DATA -
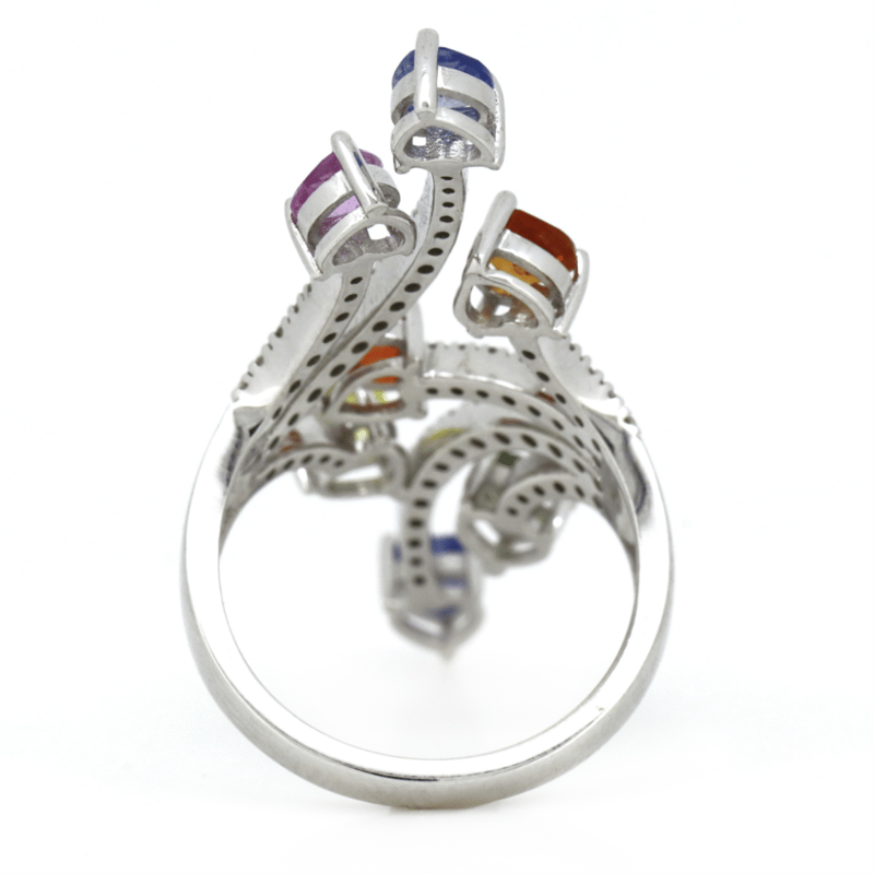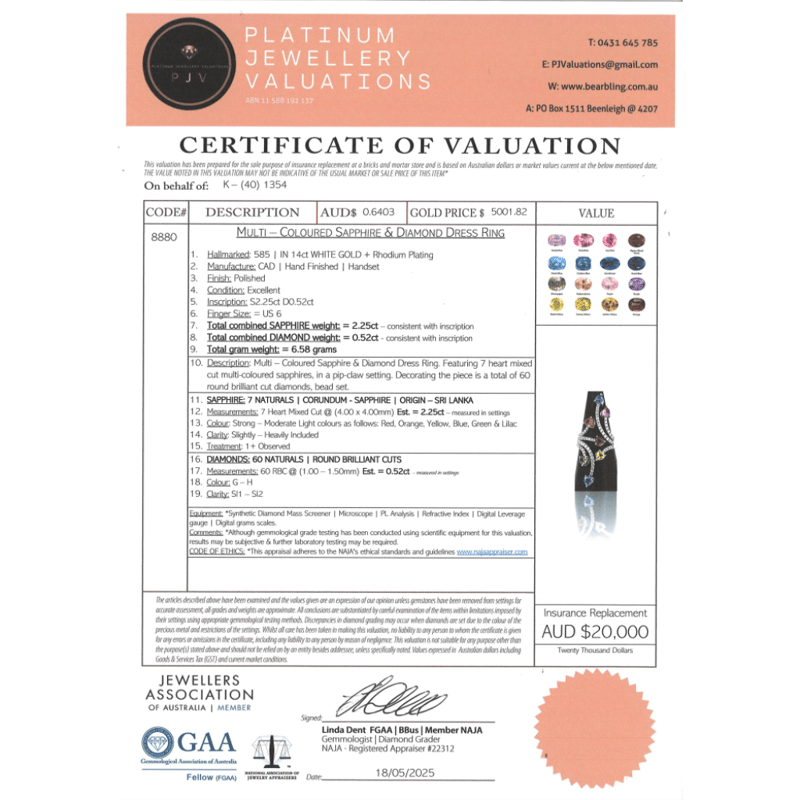 14K YELLOW GOLD, MULTI-COLOURED SAPPHIRE AND DIAMOND, DRESS RING. The Ring Features, 7 Heart Cut, Red, Orange, Yellow, Blue, Green And Lilac, Sapphires (2.25Ct Tsw, Heavily Included, Enhanced), Pip-Claw Set. Decorating The Piece Are, 60 Round Brilliant Cut, Diamonds (0.52Ct Tdw, G-H Colour, Si1-Si2 Clarity), Bead Set. Ring Size M. Jewellery Valuations Provided By A Third Party Professional Not Directly Associated With Lloyds Auctions at AUD $20,000.00This Insurance Valuation has been provided by a registered Jewellery Valuer and is intended for insurance purposes only. The valuation amount has no bearing on the auction value of the item. Any questions regarding the valuation should be directed to the issuing Valuer (refer to contact details on the certificate) as Lloyds have no association or relationship with the Valuer or the valuation amount contained within the valuation. Condition: NEW 0645874+16
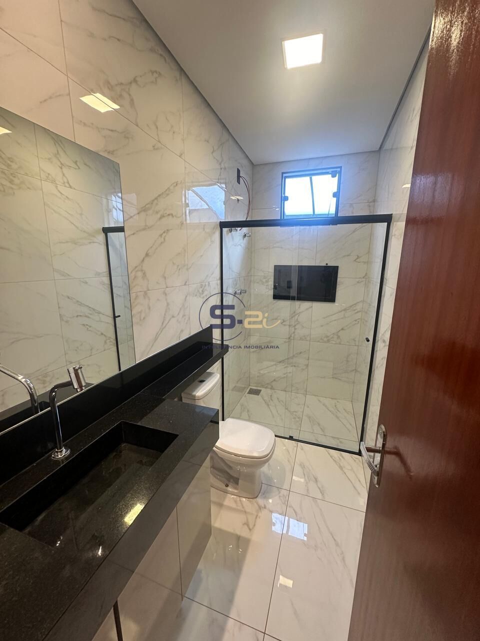 - Banheiro com box e espelho
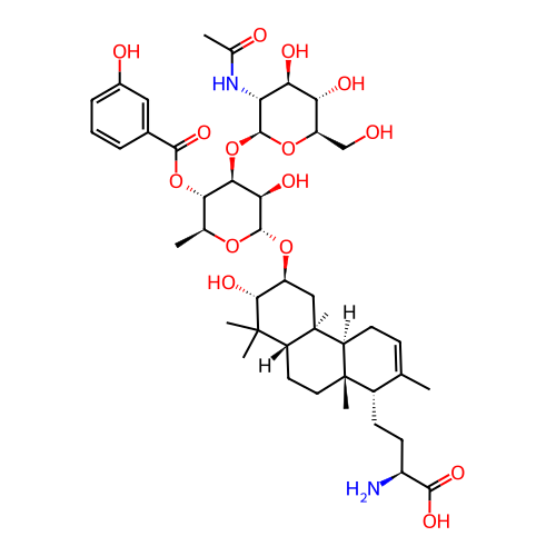 | SMILES | C[C@H]1[C@@H]([C@H]([C@H]([C@@H](O1)O[C@H]2C[C@@]3([C@H](CC[C@@]4([C@@H]3CC=C([C@@H]4CC[C@@H](C(=O)O)N)C)C)C([C@@H]2O)(C)C)C)O)O[C@H]5[C@@H]([C@H]([C@@H]([C@H](O5)CO)O)O)NC(=O)C)OC(=O)C6=CC(=CC=C6)O |

TASK REQUIREMENTS - Give back, exactly as written, the lines from the top of the material above to the line containing "- Banheiro com box e espelho", both included; skip every picture.

WRITTEN ANSWER -
 14K YELLOW GOLD, MULTI-COLOURED SAPPHIRE AND DIAMOND, DRESS RING. The Ring Features, 7 Heart Cut, Red, Orange, Yellow, Blue, Green And Lilac, Sapphires (2.25Ct Tsw, Heavily Included, Enhanced), Pip-Claw Set. Decorating The Piece Are, 60 Round Brilliant Cut, Diamonds (0.52Ct Tdw, G-H Colour, Si1-Si2 Clarity), Bead Set. Ring Size M. Jewellery Valuations Provided By A Third Party Professional Not Directly Associated With Lloyds Auctions at AUD $20,000.00This Insurance Valuation has been provided by a registered Jewellery Valuer and is intended for insurance purposes only. The valuation amount has no bearing on the auction value of the item. Any questions regarding the valuation should be directed to the issuing Valuer (refer to contact details on the certificate) as Lloyds have no association or relationship with the Valuer or the valuation amount contained within the valuation. Condition: NEW 0645874+16
 - Banheiro com box e espelho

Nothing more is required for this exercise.